= Action item =
Starting at the top of the listing below, copy each line exactly, stopping after the line that contains "Solaxy โปรเจกต์เลเยอร์ 2".

= Information =
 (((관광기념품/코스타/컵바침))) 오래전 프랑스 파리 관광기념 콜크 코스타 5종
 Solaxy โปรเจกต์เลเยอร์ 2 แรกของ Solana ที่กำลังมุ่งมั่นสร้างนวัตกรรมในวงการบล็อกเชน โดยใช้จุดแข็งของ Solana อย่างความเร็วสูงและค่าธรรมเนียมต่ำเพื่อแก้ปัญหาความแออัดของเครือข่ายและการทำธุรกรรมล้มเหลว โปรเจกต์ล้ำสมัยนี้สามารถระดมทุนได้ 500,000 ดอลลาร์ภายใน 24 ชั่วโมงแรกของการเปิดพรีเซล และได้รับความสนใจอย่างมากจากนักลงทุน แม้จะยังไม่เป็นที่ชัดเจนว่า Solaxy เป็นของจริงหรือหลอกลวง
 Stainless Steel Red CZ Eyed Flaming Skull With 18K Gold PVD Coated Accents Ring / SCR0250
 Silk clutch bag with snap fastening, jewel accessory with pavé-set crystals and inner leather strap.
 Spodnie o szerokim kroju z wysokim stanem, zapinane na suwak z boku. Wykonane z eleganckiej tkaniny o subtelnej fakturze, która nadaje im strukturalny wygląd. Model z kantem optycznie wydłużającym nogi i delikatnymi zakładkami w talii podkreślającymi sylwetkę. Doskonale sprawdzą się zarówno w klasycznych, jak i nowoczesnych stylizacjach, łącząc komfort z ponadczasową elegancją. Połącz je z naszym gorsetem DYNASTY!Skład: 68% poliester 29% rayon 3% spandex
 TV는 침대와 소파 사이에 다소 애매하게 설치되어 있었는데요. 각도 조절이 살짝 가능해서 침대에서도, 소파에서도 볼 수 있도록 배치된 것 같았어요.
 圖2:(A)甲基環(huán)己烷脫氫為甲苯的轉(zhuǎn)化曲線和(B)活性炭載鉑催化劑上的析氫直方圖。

= Solution for this exercise =
 (((관광기념품/코스타/컵바침))) 오래전 프랑스 파리 관광기념 콜크 코스타 5종
 Solaxy โปรเจกต์เลเยอร์ 2 แรกของ Solana ที่กำลังมุ่งมั่นสร้างนวัตกรรมในวงการบล็อกเชน โดยใช้จุดแข็งของ Solana อย่างความเร็วสูงและค่าธรรมเนียมต่ำเพื่อแก้ปัญหาความแออัดของเครือข่ายและการทำธุรกรรมล้มเหลว โปรเจกต์ล้ำสมัยนี้สามารถระดมทุนได้ 500,000 ดอลลาร์ภายใน 24 ชั่วโมงแรกของการเปิดพรีเซล และได้รับความสนใจอย่างมากจากนักลงทุน แม้จะยังไม่เป็นที่ชัดเจนว่า Solaxy เป็นของจริงหรือหลอกลวง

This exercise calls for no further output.